== WORK TO COMPLETE ==
Each entry below should be given again exactly; the pictures stay out.

-- RAW DATA follows --

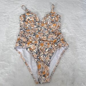 Cupshe Women's Blue Ribbed Henley One Piece Swimsuit Long Torso Medium Tall NWT
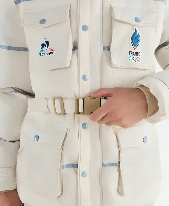 When warmth meets national pride, the magic happens. This spectacular 2026 Olympics Team France Jacket is the best example. Moreover, this beautiful, white, bright masterpiece is now available at the Jacket Era in premium parachute material. The professionals of our fashion house craft this white parachute jacket with top-notch stitching and details. It comes with long sleeves, rich ribbed snap-tab cuffs, and a snap-tab front with a belt, making it easy to wear. However, it features a high-quality, delicate inner that keeps you warm and comfortable even in chilly weather. To enhance its style and comfort, this white outerwear features a stand-up collar with an adjustable, detachable hood. The eye-catching branding of Le Coq Sportif and the Olympic Team France on the chest pockets makes it look more interesting. Thus, grab it now to stay warm, stand proud, and represent Team France in style.
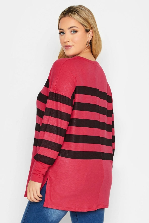 Büyük Beden V Yaka Uzun Kollu Çizgili Bluz 301566
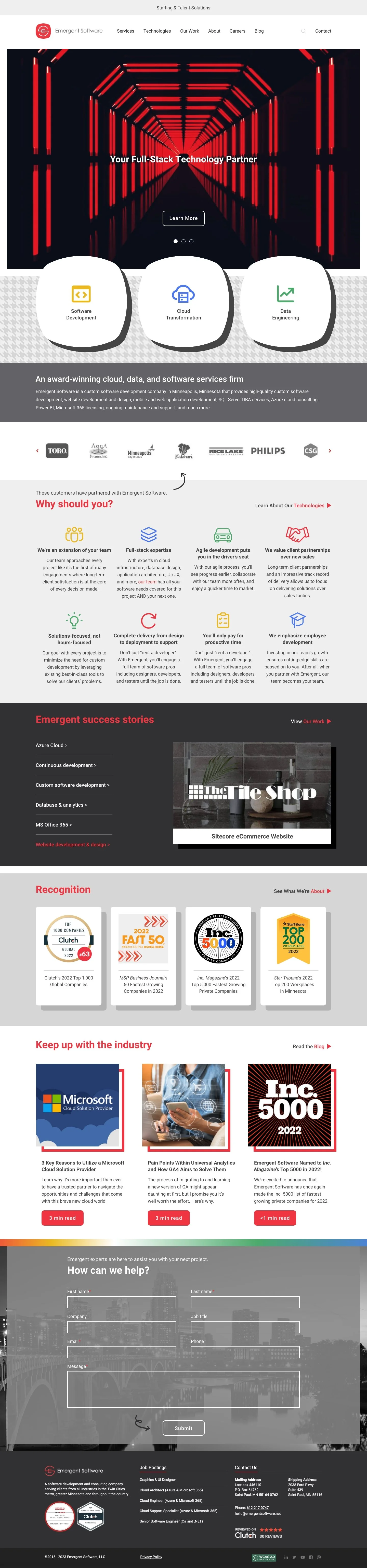 Emergent Software proposed homepage redesign | 1400 px
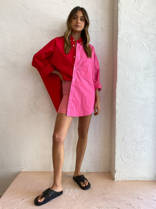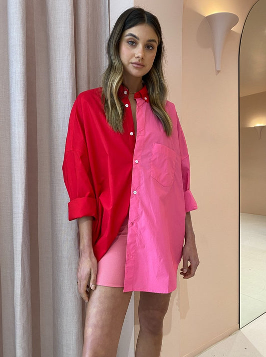 Colour Co-ordinate with Blanca Henrietta Shirt in Pink Red and slip on some Alias Mae Soleis Sandal in Black.
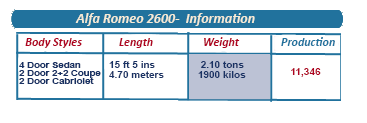 In what had now become a proven Alfa Romeo format, the 2600 range comprised a salon, coupe and Spider Softop.
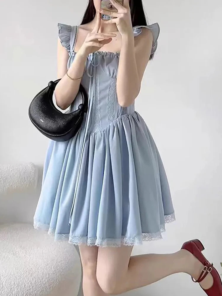 DAIIIBABYYY - Sweet French Blue Dress Women Elegant Lace Patchwork Retro Sexy Mini Dress Casual Square Collar Flying Sleeve Vestidos New
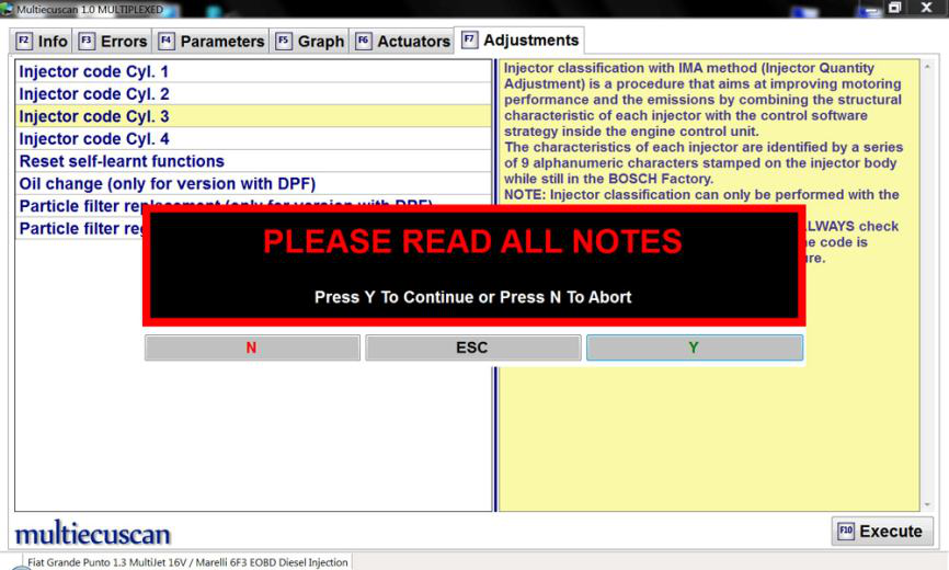 [第 6 步:] 现在我们选择“Injector code Cyl. 3”并按 F10。 然后系统会要求我们确认我们已经阅读了所有笔记。
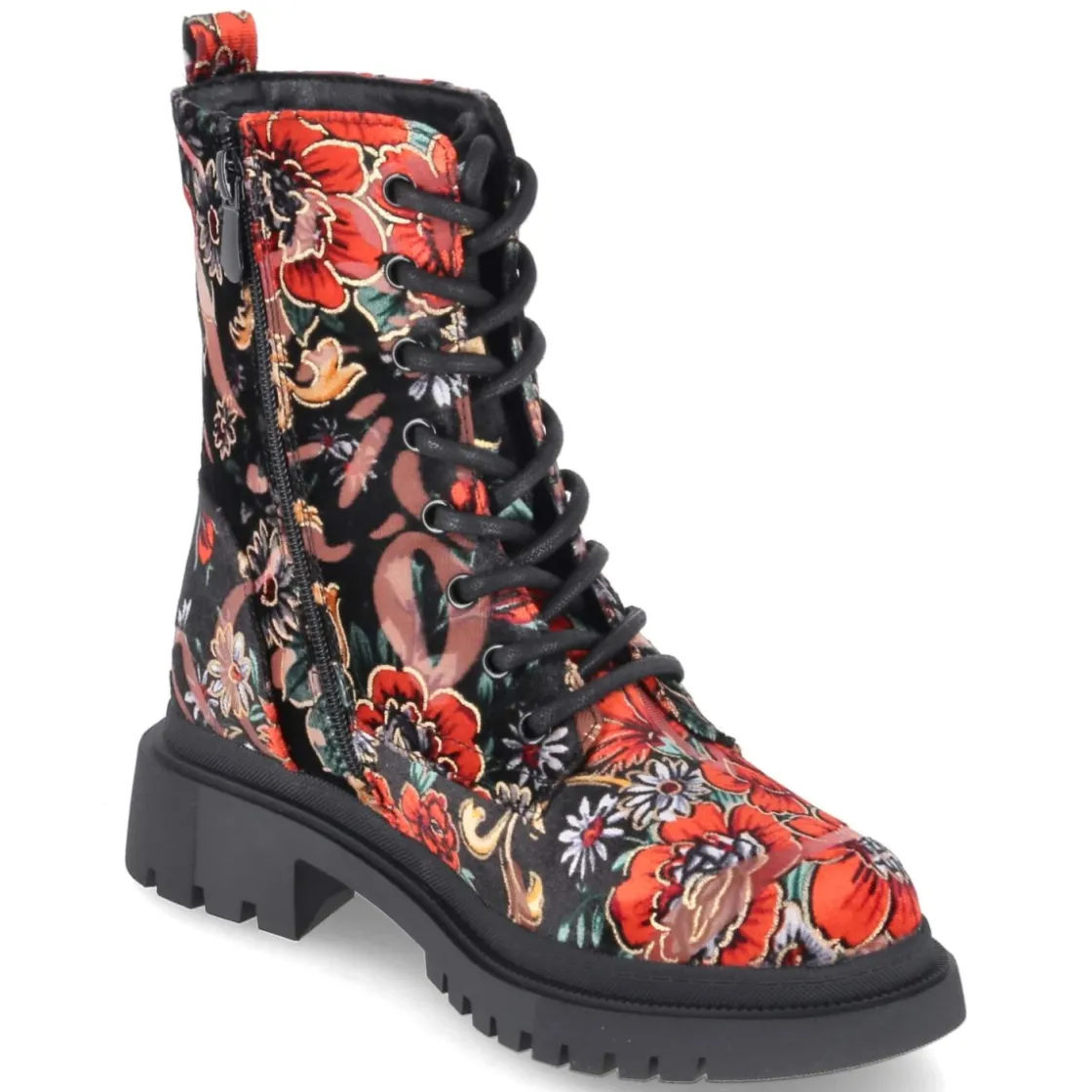La Strada zeigt mit diesen Damen-Boots eine elegante Fusion aus Komfort und Statement-Design. Schwarzes Textil mit samtiger Oberfläche bildet die Bühne für ein barockes Blumenmuster mit feinen goldenen Details, das der runden Silhouette edlen Glanz verleiht. Der 4 cm hohe Blockabsatz sorgt für Stabilität im Alltag, während Schnürsenkel und Reißverschluss ein unkompliziertes An- und Ausziehen ermöglichen. Eine Anziehlasche unterstützt zusätzlich. Innen verwöhnt leichtes Futter an kühlen Tagen, das Memory Foam Fußbett passt sich weich an und die flexible, rutschfeste Profilsohle bietet sicheren Halt. Mit Decksohle aus Textil, normaler Passform und dem Versprechen für den perfekten Auftritt richtet sich dieses Modell an Erwachsene, die Ausdruck und Bequemlichkeit verbinden wollen. Modetipp: Zu Midikleid in Uni-Schwarz und strukturiertem Wollmantel entsteht ein stilvoller Look mit subtiler Opulenz.
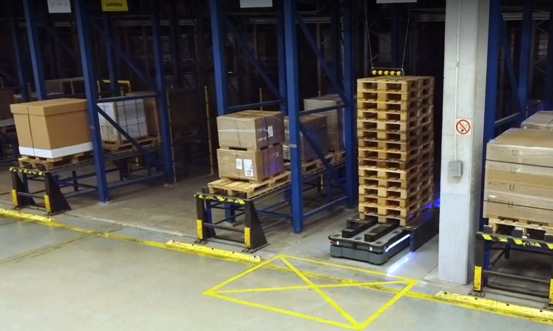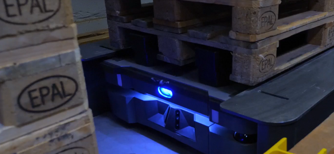我们客户的这个部署任务要求运输大量的空木质托盘,因为这些托盘要在自动化仓库中使用。这个流程非常适合自动化运输。配送中心的部署工作包括将负责运输空托盘的自主移动机器人集成到内部货物运输流程中。在测试过程中,该机器人行驶了超过60公里,成功完成了180次任务,运输了超过1,500个空托盘。得益于此,我们能够优化内部运输,同时充分确保员工的安全,保证这笔投资的收益性。

-- RAW DATA concluded --

== REPLY ==
 Cupshe Women's Blue Ribbed Henley One Piece Swimsuit Long Torso Medium Tall NWT
 When warmth meets national pride, the magic happens. This spectacular 2026 Olympics Team France Jacket is the best example. Moreover, this beautiful, white, bright masterpiece is now available at the Jacket Era in premium parachute material. The professionals of our fashion house craft this white parachute jacket with top-notch stitching and details. It comes with long sleeves, rich ribbed snap-tab cuffs, and a snap-tab front with a belt, making it easy to wear. However, it features a high-quality, delicate inner that keeps you warm and comfortable even in chilly weather. To enhance its style and comfort, this white outerwear features a stand-up collar with an adjustable, detachable hood. The eye-catching branding of Le Coq Sportif and the Olympic Team France on the chest pockets makes it look more interesting. Thus, grab it now to stay warm, stand proud, and represent Team France in style.
 Büyük Beden V Yaka Uzun Kollu Çizgili Bluz 301566
 Emergent Software proposed homepage redesign | 1400 px
 Colour Co-ordinate with Blanca Henrietta Shirt in Pink Red and slip on some Alias Mae Soleis Sandal in Black.
 In what had now become a proven Alfa Romeo format, the 2600 range comprised a salon, coupe and Spider Softop.
 DAIIIBABYYY - Sweet French Blue Dress Women Elegant Lace Patchwork Retro Sexy Mini Dress Casual Square Collar Flying Sleeve Vestidos New
 [第 6 步:] 现在我们选择“Injector code Cyl. 3”并按 F10。 然后系统会要求我们确认我们已经阅读了所有笔记。
La Strada zeigt mit diesen Damen-Boots eine elegante Fusion aus Komfort und Statement-Design. Schwarzes Textil mit samtiger Oberfläche bildet die Bühne für ein barockes Blumenmuster mit feinen goldenen Details, das der runden Silhouette edlen Glanz verleiht. Der 4 cm hohe Blockabsatz sorgt für Stabilität im Alltag, während Schnürsenkel und Reißverschluss ein unkompliziertes An- und Ausziehen ermöglichen. Eine Anziehlasche unterstützt zusätzlich. Innen verwöhnt leichtes Futter an kühlen Tagen, das Memory Foam Fußbett passt sich weich an und die flexible, rutschfeste Profilsohle bietet sicheren Halt. Mit Decksohle aus Textil, normaler Passform und dem Versprechen für den perfekten Auftritt richtet sich dieses Modell an Erwachsene, die Ausdruck und Bequemlichkeit verbinden wollen. Modetipp: Zu Midikleid in Uni-Schwarz und strukturiertem Wollmantel entsteht ein stilvoller Look mit subtiler Opulenz.
我们客户的这个部署任务要求运输大量的空木质托盘,因为这些托盘要在自动化仓库中使用。这个流程非常适合自动化运输。配送中心的部署工作包括将负责运输空托盘的自主移动机器人集成到内部货物运输流程中。在测试过程中,该机器人行驶了超过60公里,成功完成了180次任务,运输了超过1,500个空托盘。得益于此,我们能够优化内部运输,同时充分确保员工的安全,保证这笔投资的收益性。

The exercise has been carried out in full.